The CalPERS Effect Is Weakening

August 17, 2005 (PLANSPONSOR.com) - The California Public Employees Retirement System's (CalPERS') plan to focus its attention on "laggard" stocks is producing smaller returns for the fund than it once did.

According to the Sacramento Bee, a Wilshire Associates study found the fund’s Focus List of investments has seen a gain of only 15.3% in stock value over a five-year period which is a huge drop from its five-year gain of 54% reported in 1995.

Annually, CalPERS creates a Focus List of investments made up of stock from companies with poor earnings, sagging stock price, and weak governance practices such as excessive executive pay, the newspaper reports.   Stock prices for these companies usually increase from 1% to 40% over a number of years after being placed on the list, a result know as the CalPERS effect.

Counter Points

But some scholars disagree, saying many targeted companies would have rebounded without CalPERS’ involvement.   “The overwhelming evidence indicates … there’s no measurable positive impact from traditional shareholder activism,” said Jonathan Karpoff, a finance professor at the University of Washington who has studied the CalPERS effect, told the Sacramento Bee. “They don’t appear to have a lot of benefit.”   Karpoff said past Wilshire reports and other similar studies have had benchmarking flaws, making it difficult to compare performance of the target companies with other underperformers.

The Bee notes that the CalPERS focus list 2005 gain was skewed by large run-ups by “a very few select companies.” In fact, 61% of companies were underperforming after five years, according to the report.

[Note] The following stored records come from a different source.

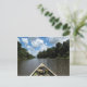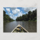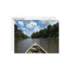 Um barco afunda um rio na selva amazônica sob nuvens inchadas em um céu azul.
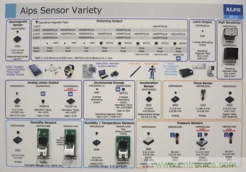 日本阿爾卑斯電氣株式會社(Alps Electric)展示其傳感器組合(下圖),這同時也可作為傳感器領域應用多樣化的一個指標。該公司并未在活動中發表新芯片,而是與網關供貨商、美國云端運算軟件供貨商Mode連手展示使用其模塊開發的端對端物聯網解決方案。
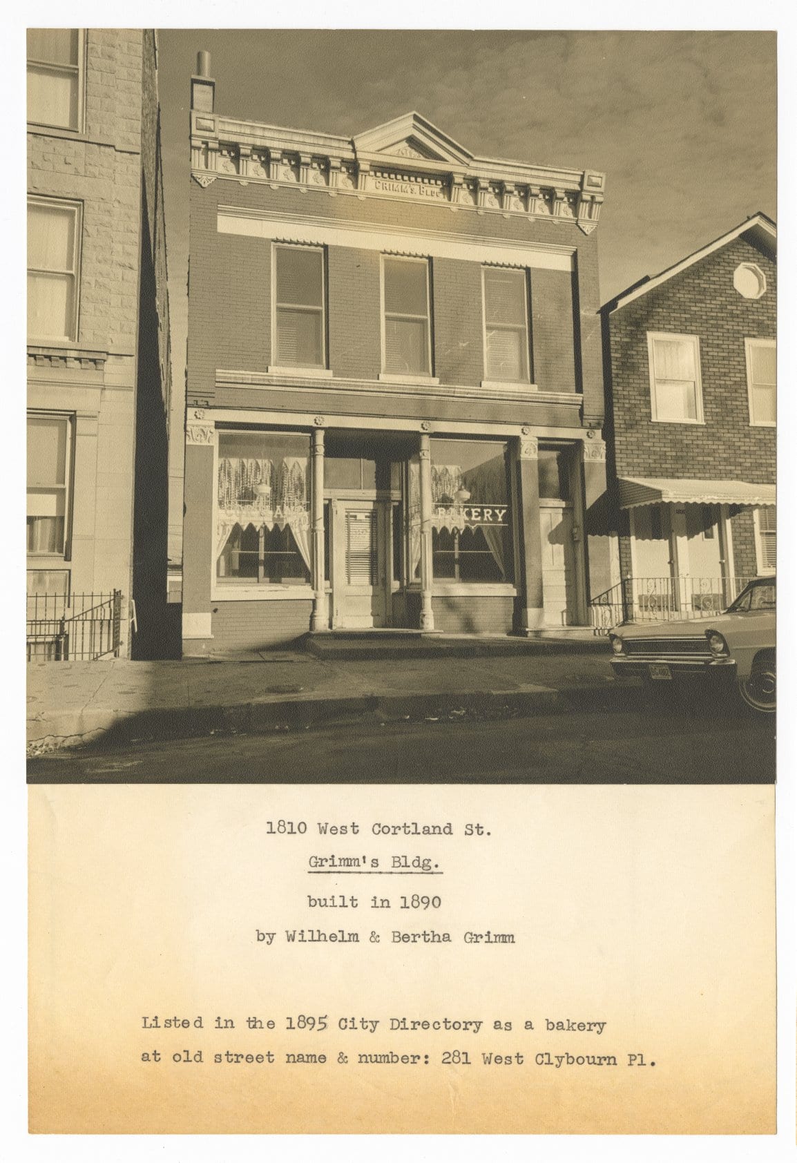 architectural photographer richard nickel’s “polish palazzo” was built as a two-story unpretentious victorian era masonry building for wilhelm grimm in 1889. grimm operated his bakery (including brick ovens located behind the building) out of the first floor storefront with the second floor being his living quarters and rental space. the building remained largely intact – both exterior and interior – when nickel purchased the building in 1969, which by that time was known as the cortland bakery.
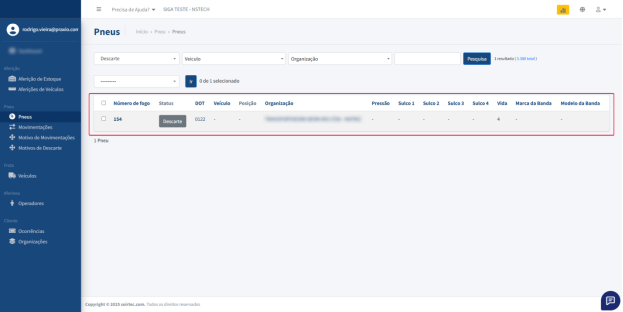 Retirada realizada pelo SigaMF: PNEU>RODAGEM>COLOCAÇÃO/RETIRADA.
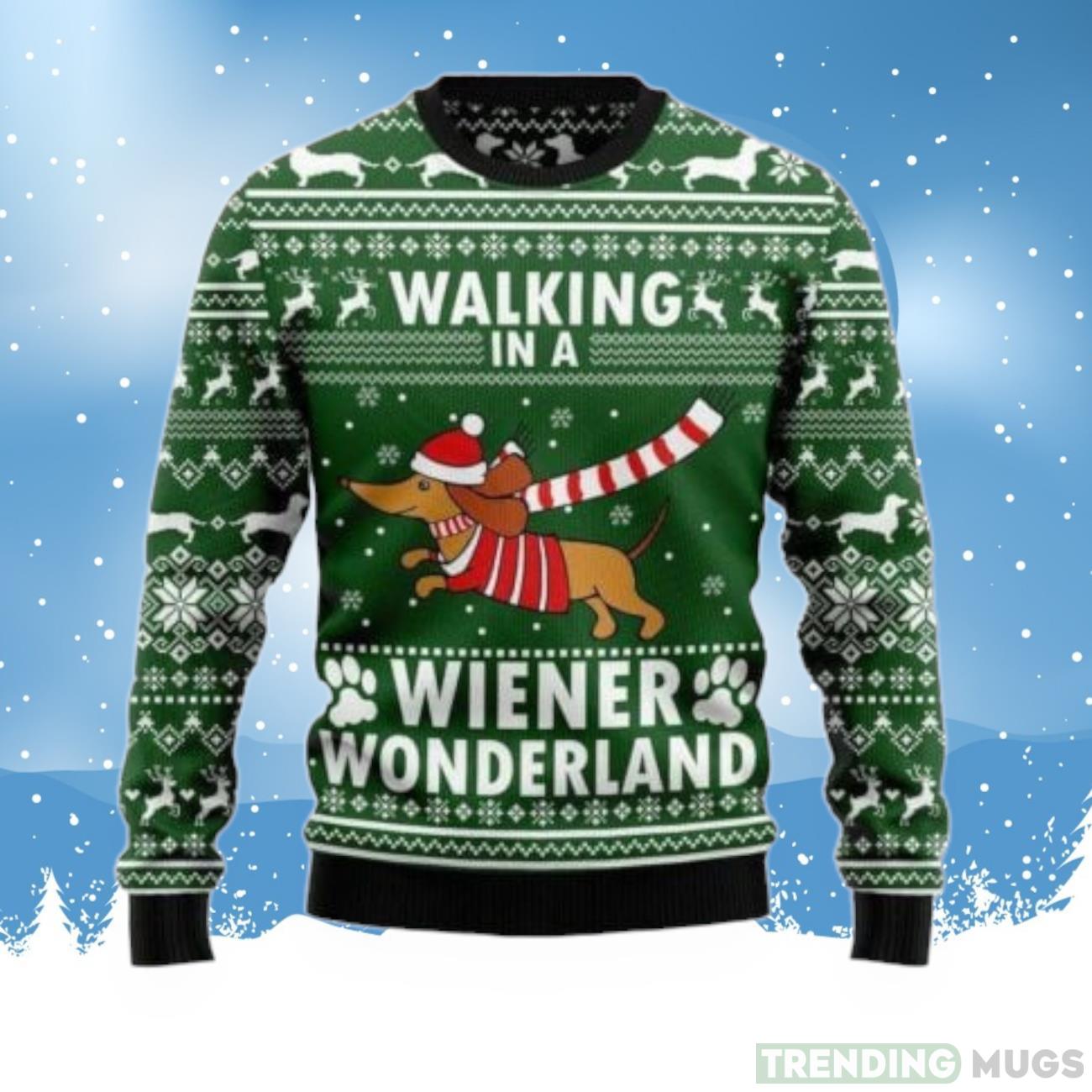 Dachshund Dog Walking In A Wiener Wonderland Ugly Christmas Sweater For Men & Women Informations:
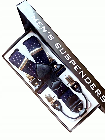 Підтяжки виготовлені з найякіснішої еластичної стрічки шириною 35 мм. Відмінне виконання та якісні матеріали гарантують високу якість продукту. З'єднувачі з екологічної шкіри. Шлейка упакована в елегантну коробку, ідеально підходить для подарунка. .
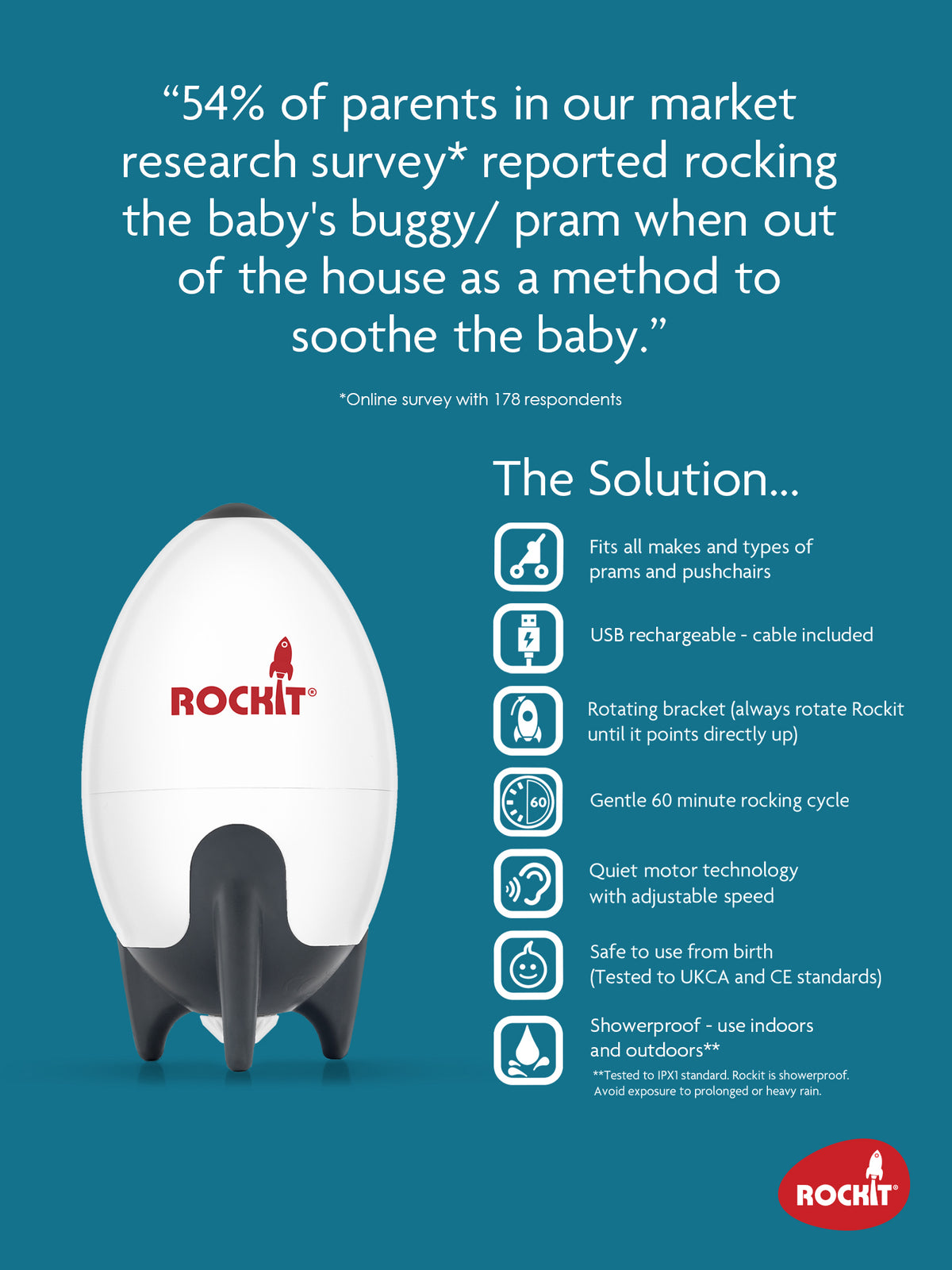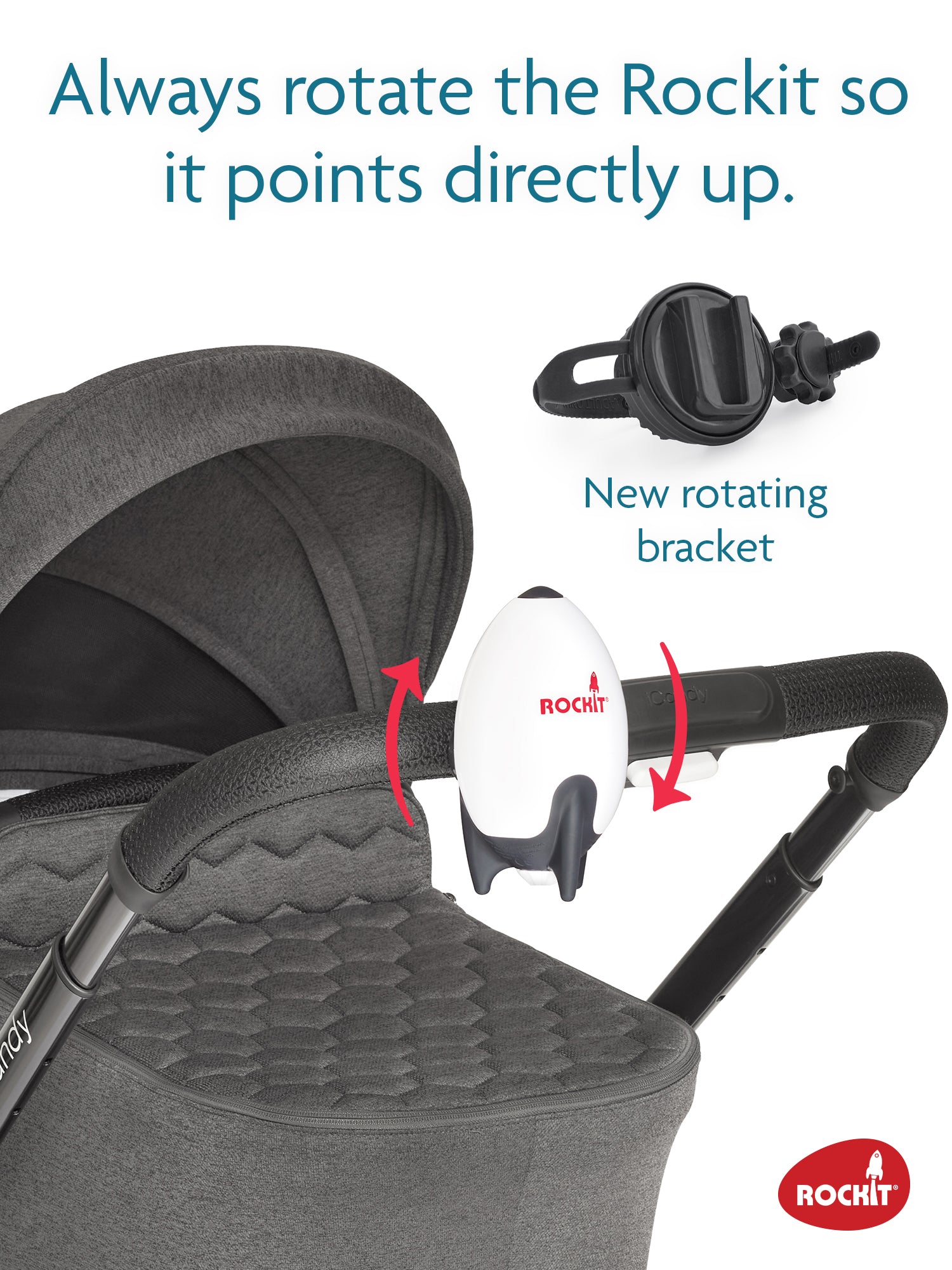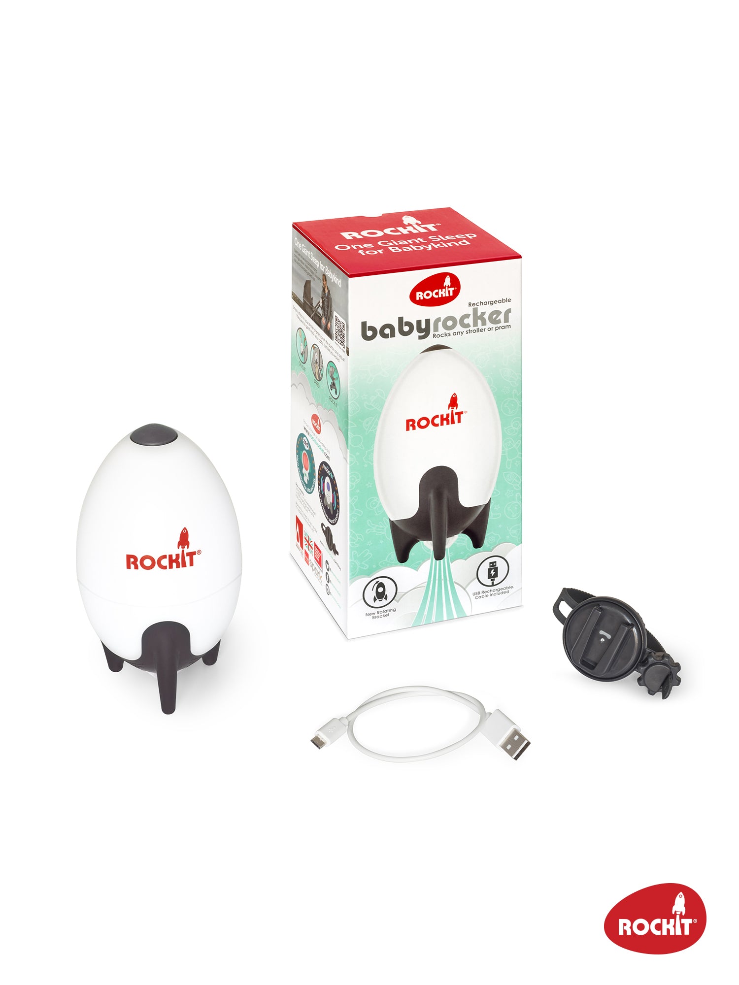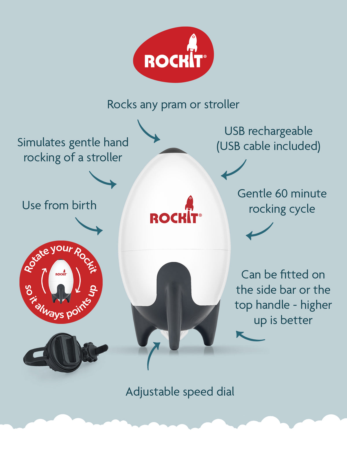 • Rotates so the Rockit can always be vertical making it more efficient and allowing a slower rocking speed and better battery life

Wilshire believes the CalPERS effect could be weakening because CalPERS was less aggressive with its governance campaign in the late ’90s, and the bear market drove investors to more blue chip-type stocks, the Sacramento Bee reports.   But, CalPERS trustees still support the program, believing it is an effective tool for the investment portfolio.

CalPERS Effects

CalPERS’ website notes that a Wilshire Associates study examined the performance of 113 companies targeted by CalPERS between 1987 to 2003. Results indicated that while the stock of these companies trailed the Standard & Poor’s 500 Index by 97.7% in the 5-year period before CalPERS acted, the same stocks outperformed the index by 8.1% in the following five years.

Furthermore, a study performed by CalPERS CIO Mark Anson, Ted White, Portfolio Manager, and Ho Ho, Quantitative Equity Portfolio Manager found that CalPERS Focus List has added shareholder wealth to targeted corporations.   CalPERS claims that inclusion in the list is associated with an additional return to shareholders of about 12% on average over the three months after release of the List, and that the period 95-184 days after publication is associated with additional cumulative excess return of 5.37%.